To experimentally distinguish between the paradigms, we therefore quantified the energy loss via the metabolic rate P, food energy influx J and the energy content E as a function of organismal cell number (N). In order to obtain values for P/N (metabolic rate/cell), we converted our measurements of P as a function of dry mass (Figure 1—figure supplement 1B) using the scaling laws for N and dry mass with plan area (Figure 2B and Figure 3—figure supplement 2A). As shown in Figure 3D, the P/N estimates are of the order of 1 pW, similar to the average metabolic rate of a human cell (Bianconi et al., 2013; Purves and Sadava, 2004). Further, P/N is essentially independent of organismal cell number and animal size (scale exponent 0.05 ± 0.02), which rules out paradigm 2 (Figure 3B) as possible control principle. The size independence of P/N is further intriguing, as it implies that the size dependence of P/M as foundational basis of Kleiber’s law originates from size dependencies of M/N (mass per cell; see below).

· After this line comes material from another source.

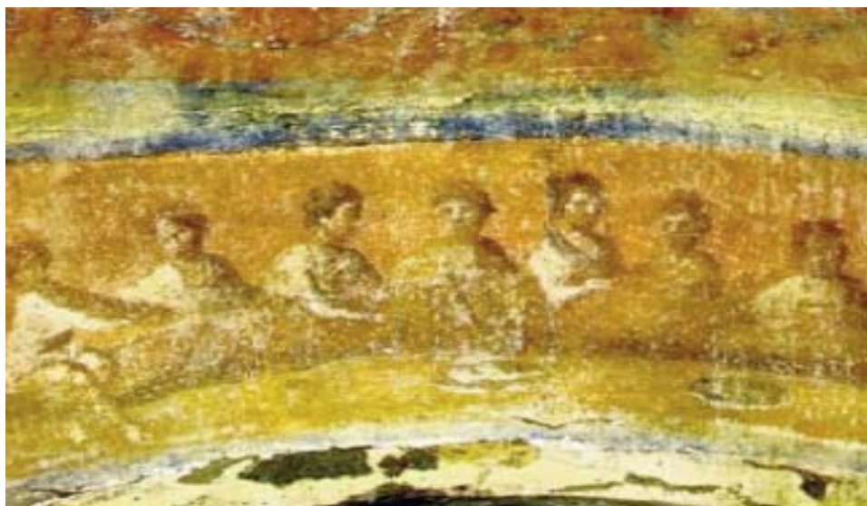
Primeros Cristianos. Catacumba de Santa Priscila (Roma) Siglo II d.c.

To estimate the energy influx J, we developed an assay based on the homogenous dispersion of a known amount of small fluorescent beads in a known volume of planarian sustenance food (liver paste). Lysis of pre-sized animals immediately after feeding and quantification of bead numbers in the lysate thus provided a measure of the ingested food volume as a function of size (Figure 3—figure supplement 2B–D). Although individual measurements varied significantly (likely reflecting inter-animal differences under our ad libitum feeding conditions), the energy influx per cell, J/N, did not display a clear size dependence (exponent of 0.00 ± 0.03) (Figure 3E). Therefore, the volume of ingested food and thus energy influx remains proportional to organismal cell number across the entire size range, which argues against both paradigms 1 and 2 (Figure 3B).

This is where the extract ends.